Man, a win by 26? I'd like for a win by 2. That is crazy...

-Petey


----------



## Petey (Aug 23, 2002)

Take Bibby out already, he has 11 points in the 1st quarter.

-Petey


----------



## Peja Vu (Jun 9, 2002)

Kings up 25-21 after 1 quarter.

Bibby is on fire...11 points.


----------



## Peja Vu (Jun 9, 2002)

Our defense stinks right now. That drive by Mercer was unacceptable:nonono:


----------



## Peja Vu (Jun 9, 2002)

Nice game for Mo Evans...8 points (2 3's)


----------



## Petey (Aug 23, 2002)

Take Evans out too please.

Can I make a lineup for you guys?

-Petey


----------



## Peja Vu (Jun 9, 2002)

Kings lead 47-44 at the half.

Webber, please take it inside. You should be destroying these guys.
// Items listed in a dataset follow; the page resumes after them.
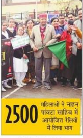
महिलाओं ने नाहन पांवटा साहिब में आयोजित रैलीयों में हिस्सा भाग
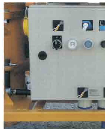
Particular del cuadro eléctrico de control.
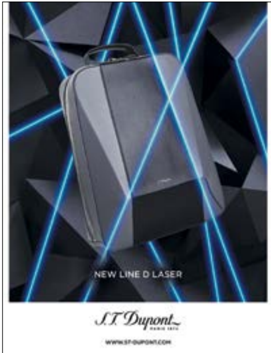
S.T. Dupont 'LINE D LASER COLLECTION' leather goods. 「都彭」的「LINE D LASER COLLECTION」皮具。
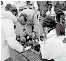
職員と利用者で出張します

フラワーポット(花壇)の植替作業・保 守作業・ふるさと産品の箱詰め作業。 民間企業からは庭そうじ、配達・剪定枝 かたづけなどの実績があります
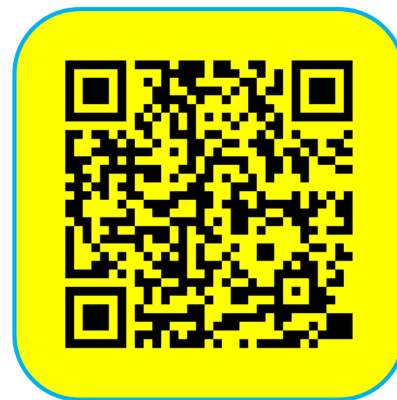
プラスシード 中学校アカウントログインページ
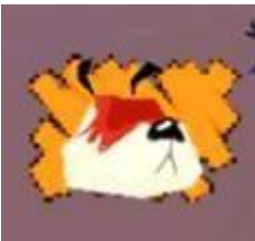
Imagen 4. Naranja: Debes estar alerta pues si te acercas te podrán ver, se sigiloso (Herve y Couppey, 2001).
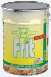
Beta Frit Frittierfett 20l DS halbfüssig per Kanister
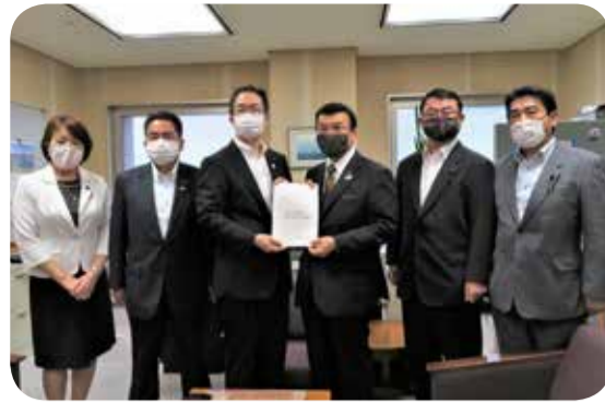
教育長(写真左から3人目)に要望書を渡す観光産業議員連盟=6月

6月19日及び7月30日、教育長に対して、新型コロナウイルス感染症対策の基本的対処方針を踏まえ、万全の感染症対策を講じた上で、県内の各地域相互間での修学旅行が実現するよう要望を行いました。
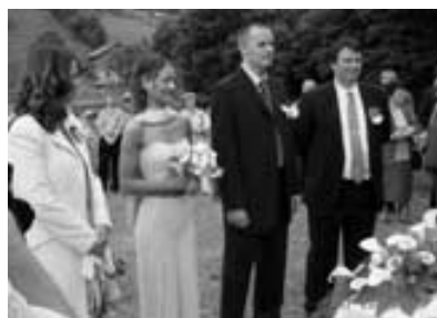
Nevesta, ženin in priči med obredom

Opisani in predvideni scenarij je bil tudi izveden. Svatje, ki jih je bilo več kot 120 (prišli so vsi objavljene in še nekaj več) so bili z
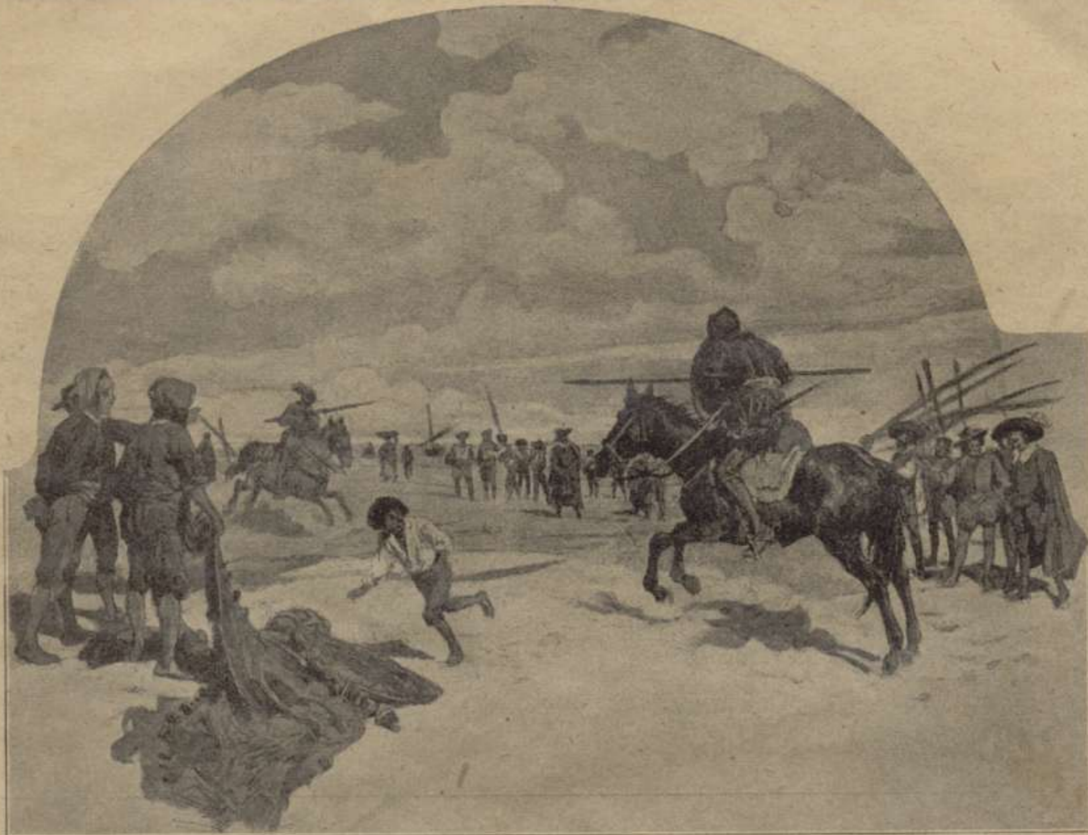
D. Quixot á Barcelona.—Singular combat ab el Caballer de la "Blanca-Luna". - 2.ª part. Cap. LXIV.

ARTISTAS CATALANS, ILUSTRADORS DEL QUIXOT. Dibuixos póstums de J. Lluís Pellicer
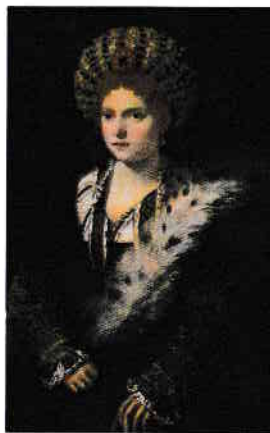
Copie foto după tabloul pictat de celebrul pictor italian Tiziano, expus la Muzeul de Istorie a Artei din Viena (Kunsthistorisches Museum)

Încercările diplomatice ale uneia dintre figurile emblematice ale Italiei renascentiste, marchiza de Mantua Isabella d'Este (1474-1539), fiica Eleonorei de Aragon, una dintre cele mai importante femei din perioada Renașterii italiene ca profil cultural și politic, au fost pe larg analizate de Alessandro Luzio 5 în primele decade ale secolului XX. Căsătoria tinerei cu marchizul Francesco II Gonzaga de Mantua
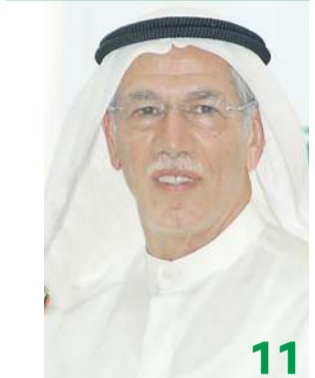
11 «بيتك» 106,4 ملايين دينار صافي أرباح 9 أشهر
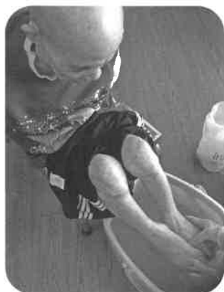
お湯かげん いかがでしょう?
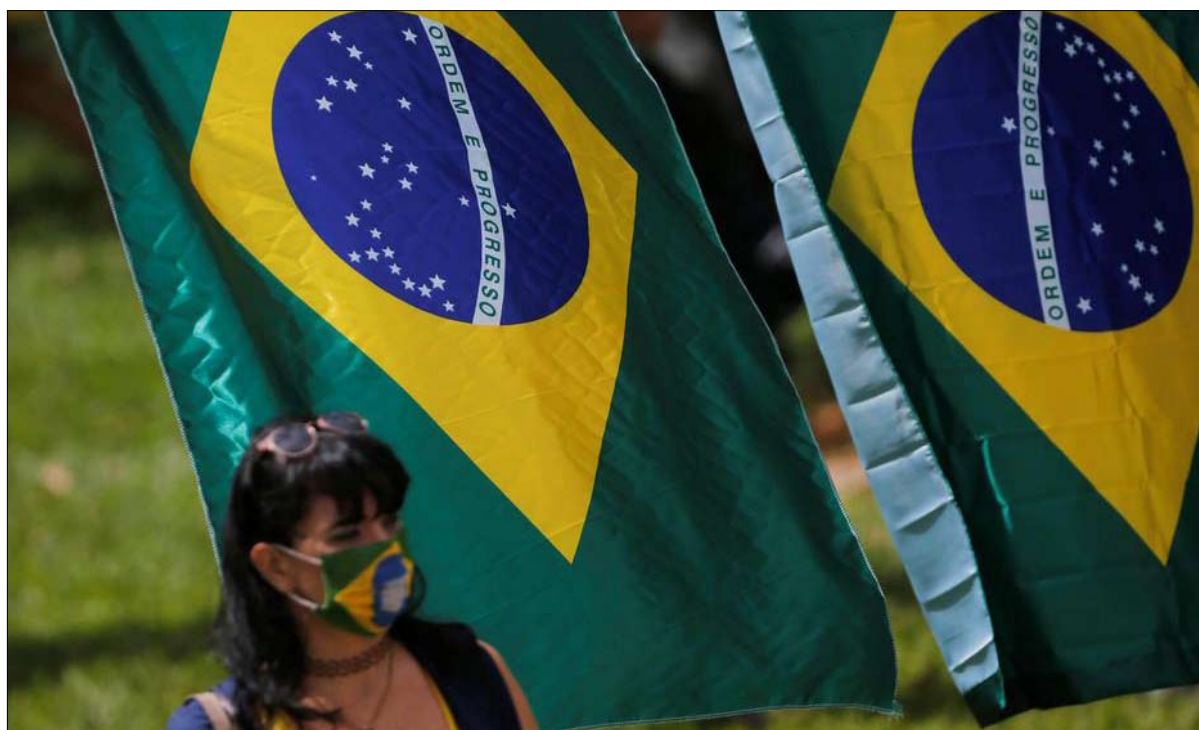
البرازيل في انتظار الصدمة
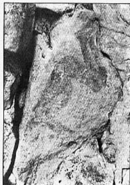
SUPOSAT CADÀVER COVES DEL PUNTAL
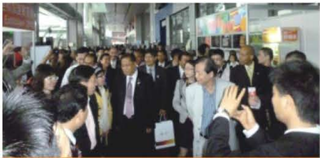
马来西亚商务部部长亲自率团参加视察广州富众加盟展，广州特许连锁加盟展览会荣获马来西亚商务部颁发的卓越服务大奖。
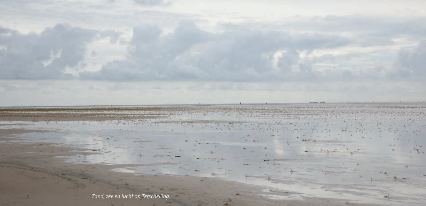
Zand, zee en lucht op Terschelling.
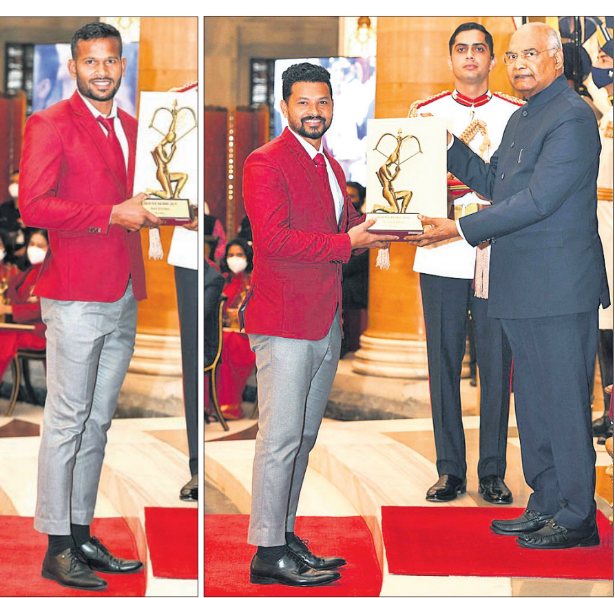
ରାଷ୍ଟ୍ରପତି ରାମନାଥ କୋବିନ୍ଦଙ୍କଠାରୁ ଅର୍ଜୁନ ପୁରସ୍କାର ଗ୍ରହଣ କରୁଛନ୍ତି ଅମିତ୍ ରୋହିଦାସ୍ ଓ ବୀରେନ୍ଦ୍ର ଲାଜୁ।

ପ୍ରଦର୍ଶନ କରିଛନ୍ତି। ଦୁହିଁ ଥରେ ସେ ଆଉ ଏକ ମ୍ୟାଚ୍ ବିଜୟୀ ଭାବେ ଖେଳିବେ ବୋଲି ଆଶା କରାଯାଉଛି। ସେହିପରି ଚେନ୍ନି ମ୍ୟାଟ୍ରେଲ୍ ଓ ଷ୍ଟିଭ୍ ହିଅର୍ ଅଧିକ ଭଲ ପ୍ରଦର୍ଶନ କରିବେ ବୋଲି ଆଶା କରାଯାଉଛି। ସେହିପରି ଲୋର୍ଡ୍ ହିଅର୍ ଆଡାମ୍ କାମ୍ପା ଏ ପର୍ଯ୍ୟନ୍ତ ଚୁନିମେଣ୍ଟରେ ୧୦.୯୧ ହାରରେ ୧୨ଟି ଉଲ୍ଲେଖନୀୟ ଘଟଣା କରିଛନ୍ତି। ମିଟେଲ୍ ଷ୍ଟ୍ରକ୍, ପ୍ୟାଟ୍ କୁମ୍ଭିର୍ ଓ କୋଶ୍ ହାଜେଲ୍‌ଉଡ୍ ନେଇ ଗଠିତ ଅଷ୍ଟ୍ରେଲିଆ ଦ୍ରୁତ ବୋଲିଂ ବିଭାଗ ଅପ୍ରତିଦ୍ଵନ୍ଦ୍ଵିତ ମନେ ହେଉଛନ୍ତି। ଏହି ୩ ଖେଳାଳି ପ୍ରଥମଥର ପାଇଁ ଦୁଧିଲୀଳା ବିପକ୍ଷରେ ଟି୨୦ ମ୍ୟାଚ୍ ଖେଳିବେ। ସେମିତି ଭଲ ପ୍ରଦର୍ଶନ କରିପାରି ନ ଥିବା କୋଶ୍ ହାଜେଲ୍‌ଉଡ୍ ଫାଇନାଲ୍ରେ ପ୍ରତ୍ୟାବର୍ତ୍ତନ କରିବେ ବୋଲି ଆଶା କରାଯାଉଛି।

Nenad is out playing our bigs.


----------



## Petey (Aug 23, 2002)

> Originally posted by <b>Peja Vu</b>!
> Kings lead 47-44 at the half.
> 
> Webber, please take it inside. You should be destroying these guys.
> ...


Krstic is having a career night.

-Petey


----------



## Petey (Aug 23, 2002)

Big shot by Bibby, Peja... but he appears hurt.

-Petey


----------



## AnDrOiDKing4 (Feb 6, 2005)

Im sick of us losing leads every night... fire that idiot Adleman, he cant coach **** , it is pathetic watching this team with our so called 4 allstars... this game is over...


----------



## Peja Vu (Jun 9, 2002)

Box Score: Nets 96, Kings 85 

Nets +11 Rebounds, +14 Points in the Paint.

They need the all-star break bad.


----------



## DaUnbreakableKinG (Jun 28, 2003)

Game pics...


----------



## DaUnbreakableKinG (Jun 28, 2003)

Kings.com: The Inside Dish 



> The Kings have lost six of seven, but their struggles go back even further. Remember the two games against the Warriors and Knicks in which the Kings made huge comebacks to win? Imagine if Sacramento hadn’t been able to pull those out.


----------



## DaUnbreakableKinG (Jun 28, 2003)

Sacbee: Slump grows for weary Kings 



> *After losing for the sixth time in the past seven games, Sacramento will finally catch a break.*
> 
> EAST RUTHERFORD, N.J. - When you're not going well, the best game to play is none at all.
> 
> ...



Sacbee: Adelman isn't hitting panic button 



> EAST RUTHERFORD, N.J. - The Kings and their fans have been spoiled by success the past six seasons.
> 
> The losing streaks have been few and brief, and struggles have been for other teams.
> 
> ...


----------



## Petey (Aug 23, 2002)

Those are some hot photos DaUnBreakableKinG, real nice quality.

Peja Vu: Please check your PMs.

-Petey


----------



## DaUnbreakableKinG (Jun 28, 2003)

> Originally posted by <b>Petey</b>!
> Those are some hot photos DaUnBreakableKinG, real nice quality.
> 
> -Petey


Thank you man.


----------